§ Exercise
Your task is to reproduce, verbatim and without pictures, the lines from the opening of the listing through the line containing "保定市2025年高三第二次模拟考试 政治答案.docx".

§ Provided information

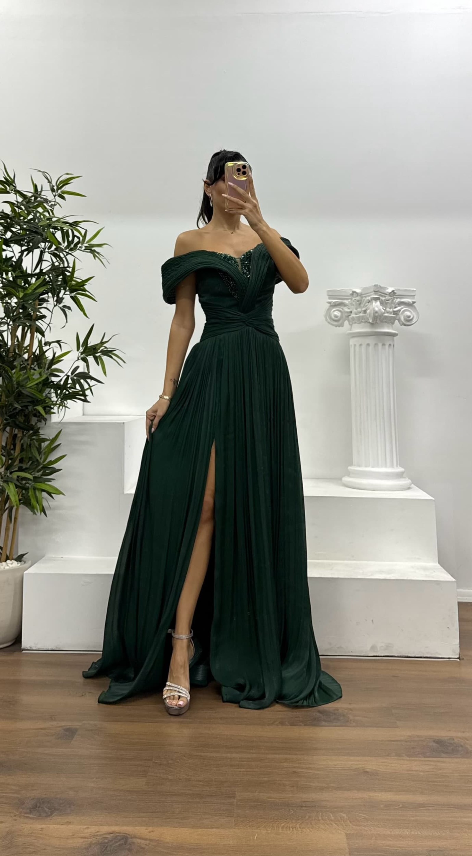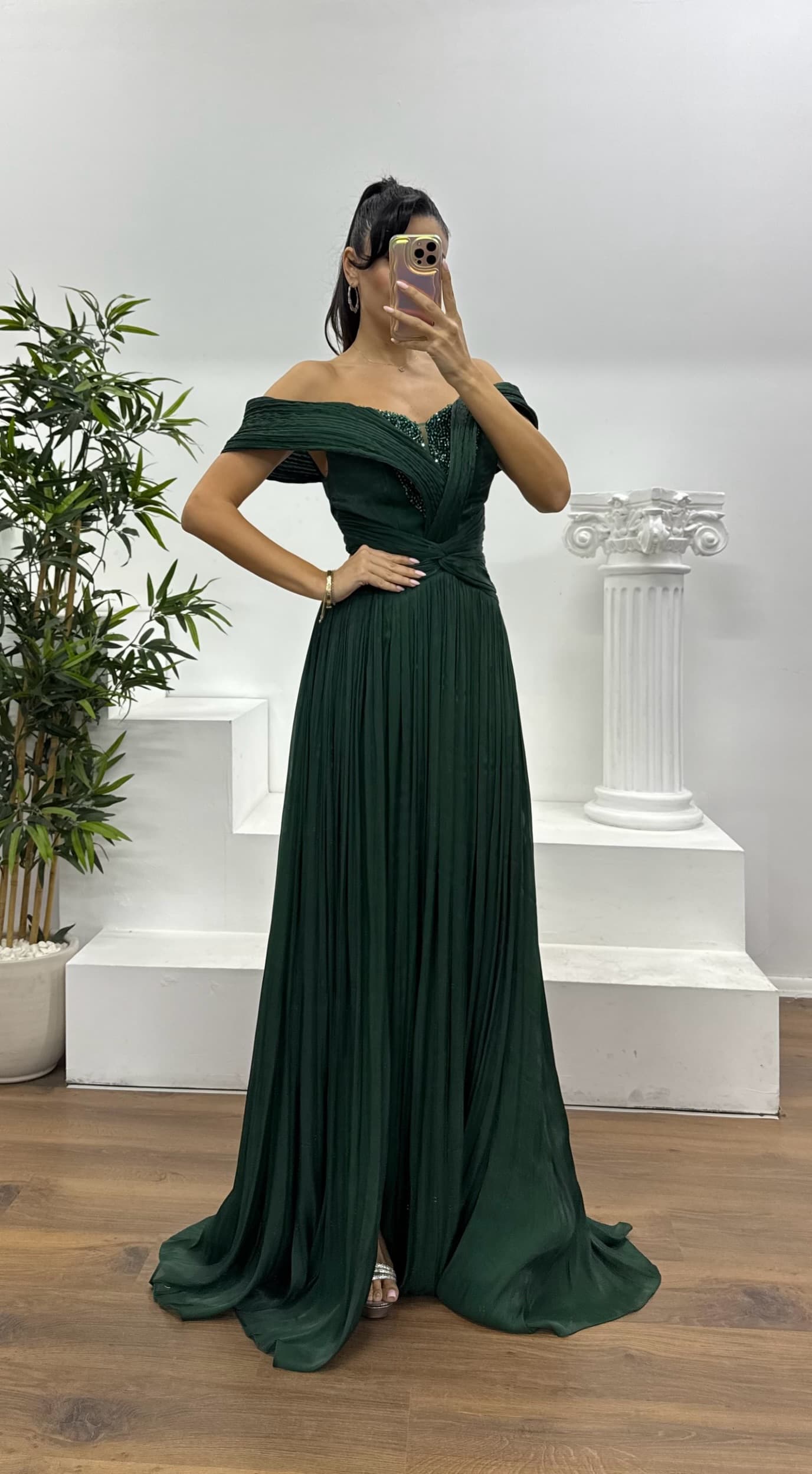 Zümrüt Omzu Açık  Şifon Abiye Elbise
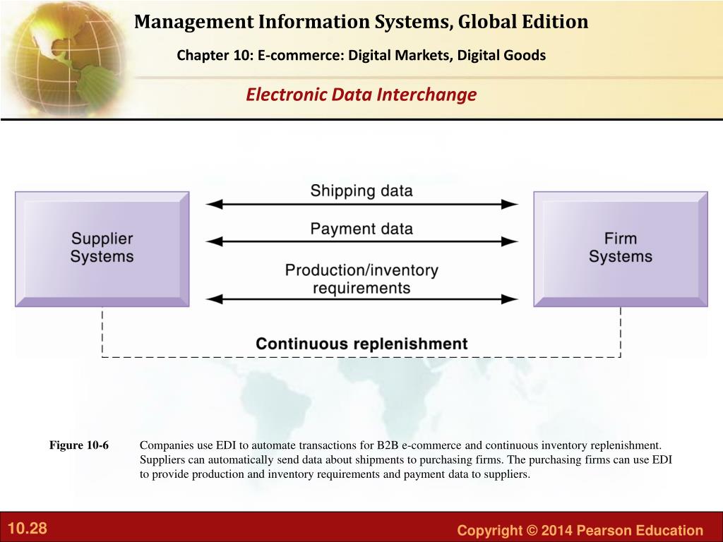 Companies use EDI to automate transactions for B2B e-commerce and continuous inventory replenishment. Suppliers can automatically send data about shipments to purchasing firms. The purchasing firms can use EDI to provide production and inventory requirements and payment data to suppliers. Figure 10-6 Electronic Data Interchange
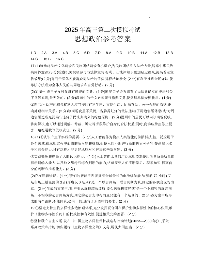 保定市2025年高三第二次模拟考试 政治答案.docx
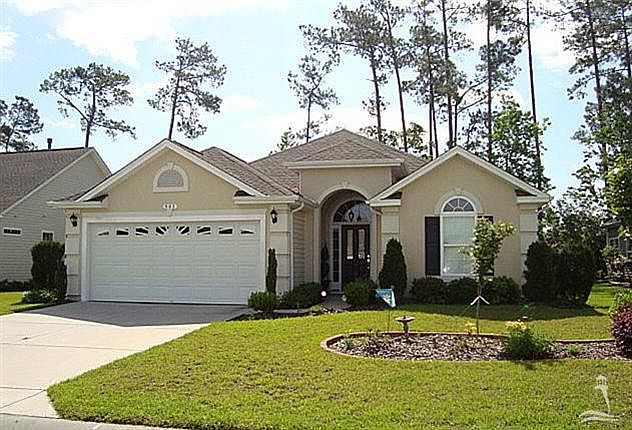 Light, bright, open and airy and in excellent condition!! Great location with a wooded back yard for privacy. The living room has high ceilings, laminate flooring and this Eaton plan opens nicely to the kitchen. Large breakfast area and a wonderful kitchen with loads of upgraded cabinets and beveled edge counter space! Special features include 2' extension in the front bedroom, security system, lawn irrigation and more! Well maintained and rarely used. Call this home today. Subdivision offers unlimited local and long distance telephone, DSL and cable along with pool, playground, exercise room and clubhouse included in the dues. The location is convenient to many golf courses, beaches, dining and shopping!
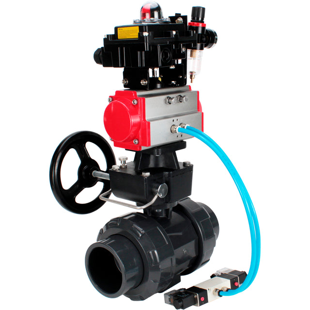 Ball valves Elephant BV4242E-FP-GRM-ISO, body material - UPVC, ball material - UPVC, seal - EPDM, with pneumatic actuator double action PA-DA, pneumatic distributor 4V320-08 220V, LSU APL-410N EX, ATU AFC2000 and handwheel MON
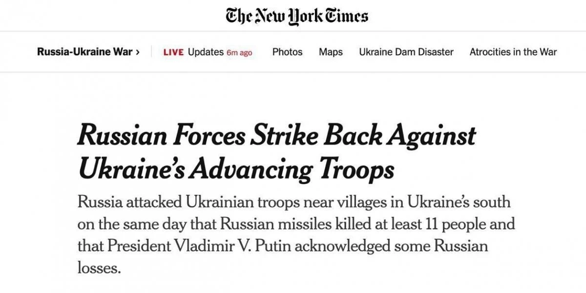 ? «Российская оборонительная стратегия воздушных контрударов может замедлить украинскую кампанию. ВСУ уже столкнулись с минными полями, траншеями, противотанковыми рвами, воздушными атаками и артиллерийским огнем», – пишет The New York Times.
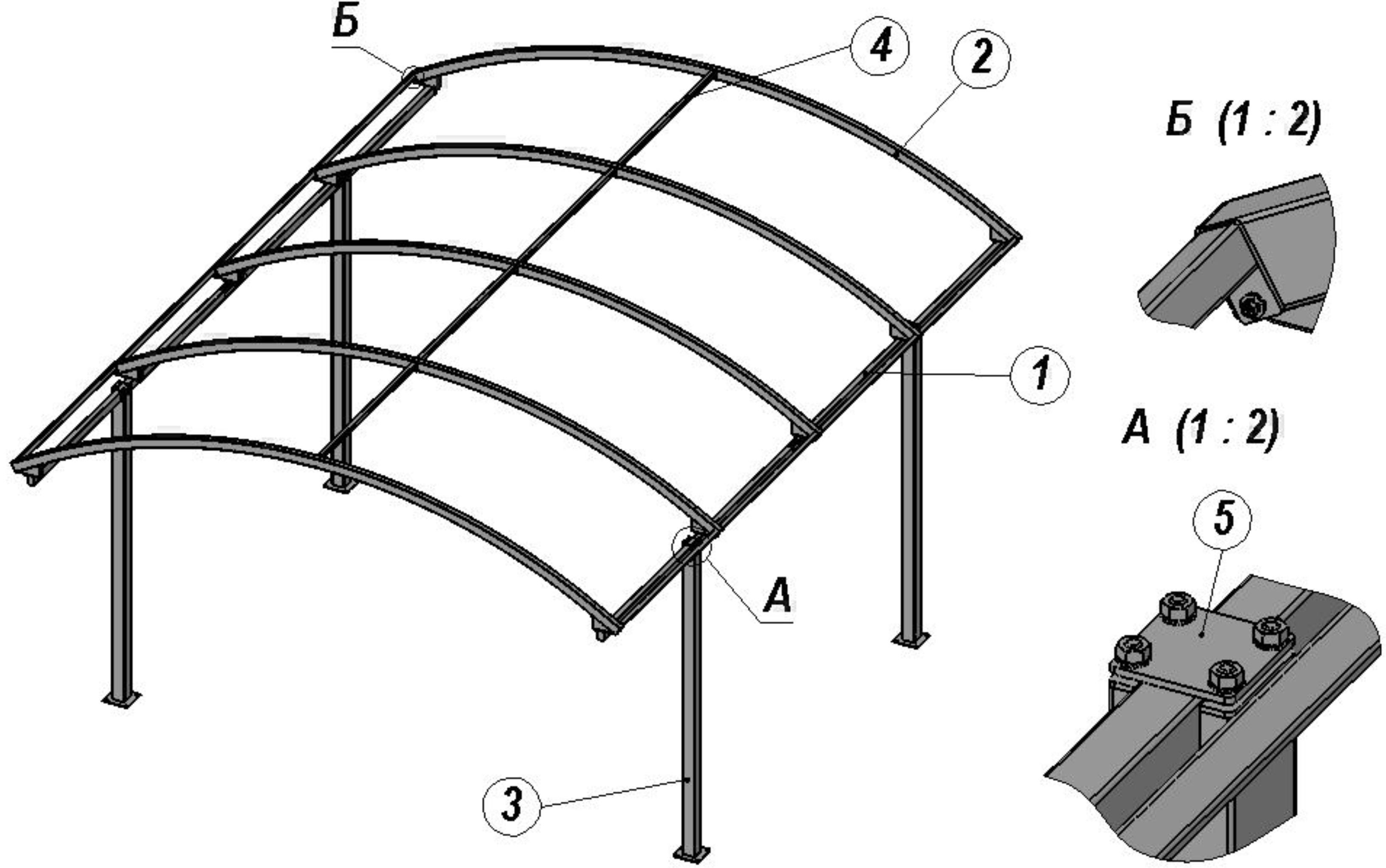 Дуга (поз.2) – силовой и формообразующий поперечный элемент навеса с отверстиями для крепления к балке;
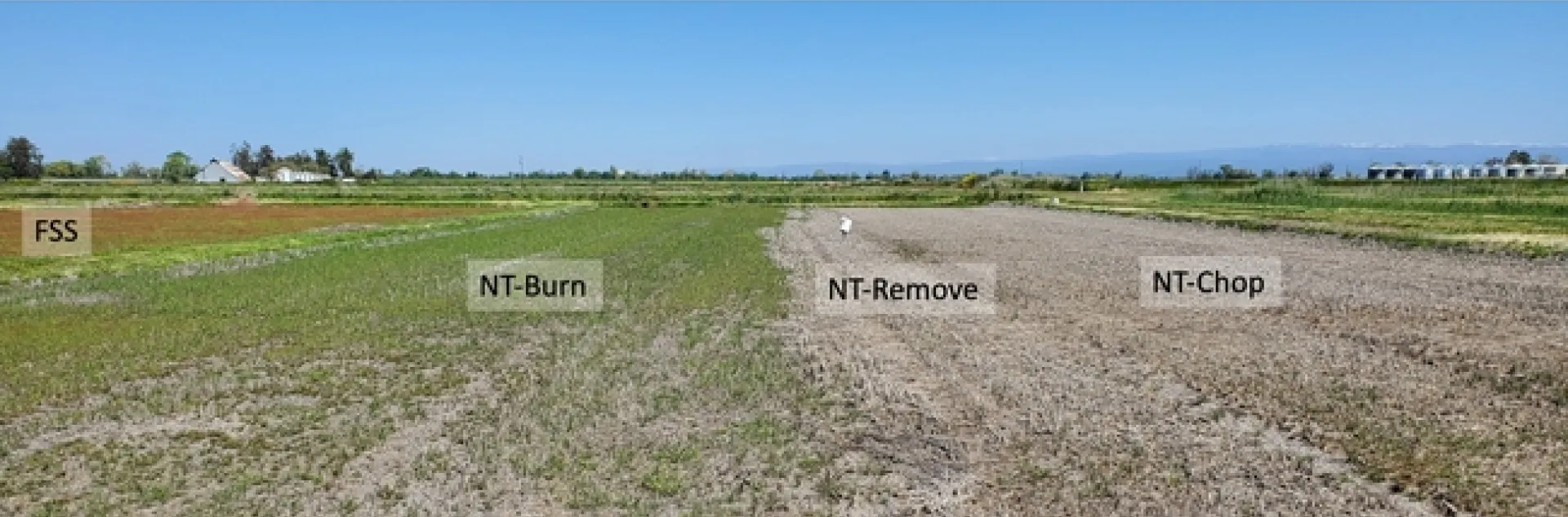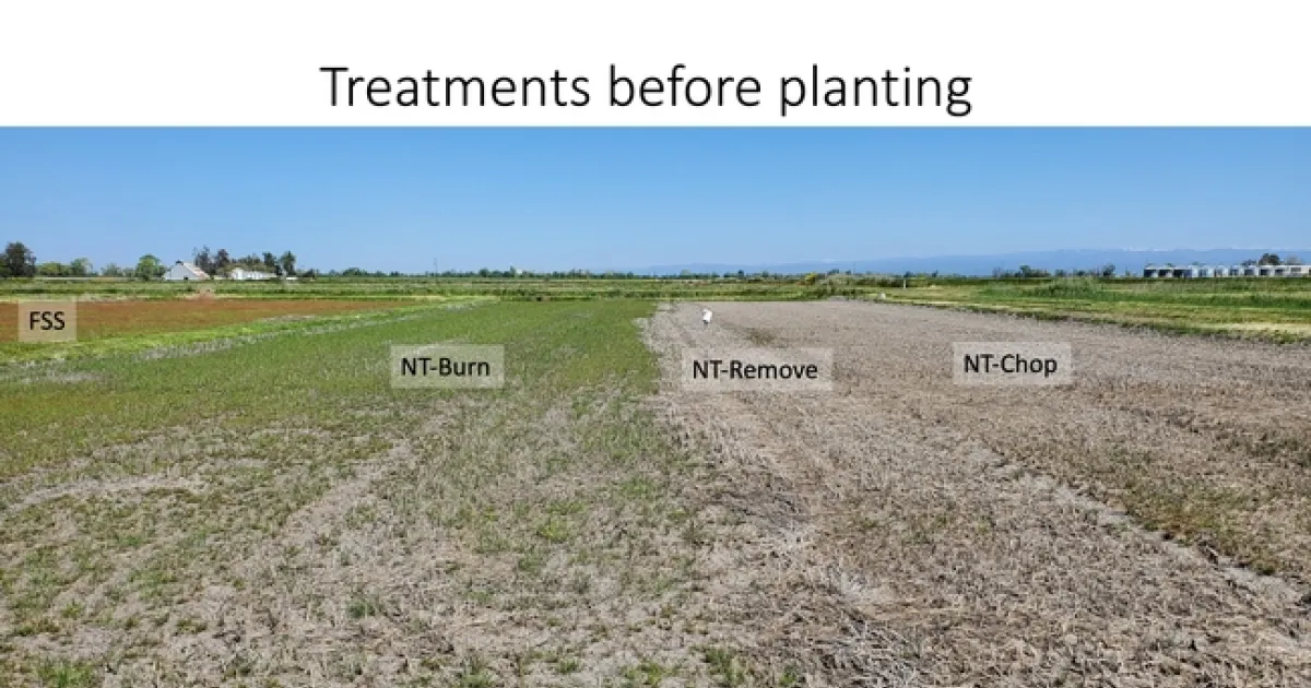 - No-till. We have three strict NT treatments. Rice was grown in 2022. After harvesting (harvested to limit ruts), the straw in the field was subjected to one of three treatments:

§ Task solution
 Zümrüt Omzu Açık  Şifon Abiye Elbise
 Companies use EDI to automate transactions for B2B e-commerce and continuous inventory replenishment. Suppliers can automatically send data about shipments to purchasing firms. The purchasing firms can use EDI to provide production and inventory requirements and payment data to suppliers. Figure 10-6 Electronic Data Interchange
 保定市2025年高三第二次模拟考试 政治答案.docx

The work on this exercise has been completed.